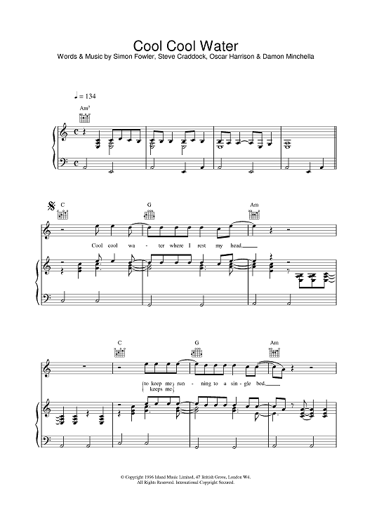 Digital Sheet Music for Cool Cool Water by Ocean Colour Scene scored for Piano/Vocal/Chords; id:376401
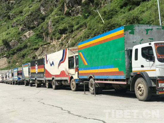 图为吉隆海关进出口的贸易车队(摄于2018年8月)
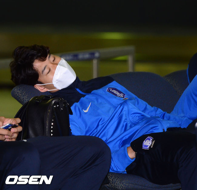 14일 오전(한국시간) 2015 AFC 호주 아시안컵대회 한국대표팀이 예선 3차전 호주와의 경기를 위해 브리즈번으로 이동했다. 브리즈번 공항에 도착한 손흥민이 의자에 기대어 쉬고 있다.

What to do: Repeat exactly the lines from the one containing "图为吉隆海关进出口的贸易车队(摄于2018年8月)" to the last line of the data above, both included, and write no pictures into the copy.

Exercise answer:
 图为吉隆海关进出口的贸易车队(摄于2018年8月)
 14일 오전(한국시간) 2015 AFC 호주 아시안컵대회 한국대표팀이 예선 3차전 호주와의 경기를 위해 브리즈번으로 이동했다. 브리즈번 공항에 도착한 손흥민이 의자에 기대어 쉬고 있다.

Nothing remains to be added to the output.